I chew on the inside of my cheek.

“Err, yeah, I guess.” That weird interaction with the professor a few weeks ago is another thing I haven’t told my friend about.

Mainly because I’m still trying to unscramble the whole thing myself – half convinced I imagined most of it.

Why would the professor want to touch me?

Why does the idea of it have strange sensations stirring in my belly?

Fly leans in and sniffs me. “You smell the same as always. I don’t know what the hell the professor is going on about.”

“Who does when it comes to the professor?” I mutter.

“I don’t know, you seem to have a better understanding of him than most.”

“What makes you say that?” I ask, with alarm.

“You’re similar, maybe it’s your shared background or something.”

“I am nothing like the professor!”

“You are! Moody, mysterious, secretive.” He points to the dragon in my lap. “You’d make a great couple.” He laughs.

“He kissed me!” I blurt out. It seems once one secret has leaked out, it’s hard to keep any others.

“He what?!” Fly shrieks his voice soaring several octaves higher than it was one second ago.

“Actually, he didn’t kiss me.” I shake my head vigorously.
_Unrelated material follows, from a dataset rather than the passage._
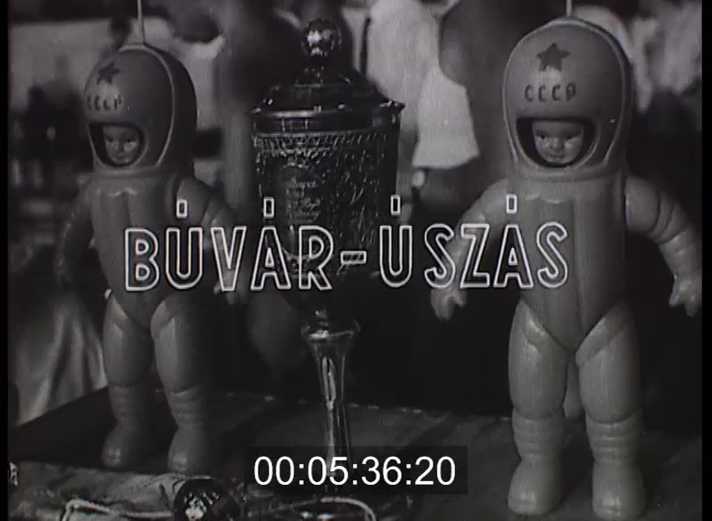 Az űrhajósok díjáért zajlott le Moszkvában a világ első víz alatti búvár úszó versenye. A rajt előtt a medence sávban elhelyezik a felszerelést, ezt kell a verseny közben az úszóknak magukra venniük. A táv hossza 50 méter víz alatt. A víz alatt külön bíró figyeli a szabályok betartását. A felszerelést pillanatok alatt kell felszedni a legkisebb időveszteség nélkül. Ez a kombinált úszás a békaemberek állóképességét és gyorsaságát fokozza. Ivanov, a neves mellúszó 48 másodperc alatt úszta végiga távot. Indul a második csoport. A távot még rövidebb idő: 46,8 másodperc alatt úszta végig a moszkvai Nauncsev, s ezzel megnyerte az űrhajósok díját.

Fly shakes his head too. “Huh?”

“He nearly kissed me. Or at least it felt like he was going to kiss me but then he stopped himself.”

“You’re sure?”

I pinch my friend on the thigh. “I may not have a heap of experience but I do know what it’s like when someone is going to kiss you.”

“Then why didn’t he?”

“I’m his student!” I point out.

“Meh,” Fly says. “Did you want him to kiss you? The man literally terrifies the pants off me. But if he tried to kiss me, I think I’d wilt like a violet in the heat. I’d be unable to resist all that dark, moody, broody, masculine energy.”

“Yeah,” I say, butterflies stirring in my belly just thinking about it. “But I’m meant to be with the Princes. ”

Fly rolls his eyes. “Just because you’re with one person – or three – doesn’t stop you from admiring other people, doesn’t prevent you from developing little crushes.”

“But I don’t admire Professor Tudor and I don’t have a crush,” I say decisively and I’m not sure who I’m trying to convince myself or my friend.

“So what exactly is your plan with this dragon, Cupcake?” Fly asks, as Blaze curls up and starts to snore.

“I usually take him for an evening fly about around this time. You can come if you want–”

“No, I mean what’s your plan in the long run, Cupcake?”

“I … I don’t exactly know yet.”

“Don’t dragons grow really big, like really really fucking big?”

“I suppose so,” I say, peering down at Blaze.

“What does Thorne say?” Fly says a little bitterly.

“He thinks I should hand him in. He thinks I’m going to be in big trouble when they find out I have a dragon and haven’t told them about it.”

“Obviously.” He gazes at the sleeping dragon. “I wonder what they’ll do with him.”

“I don’t know,” I stroke Blaze’s head. “But I don’t think it will be good,” I say, thinking of my sister.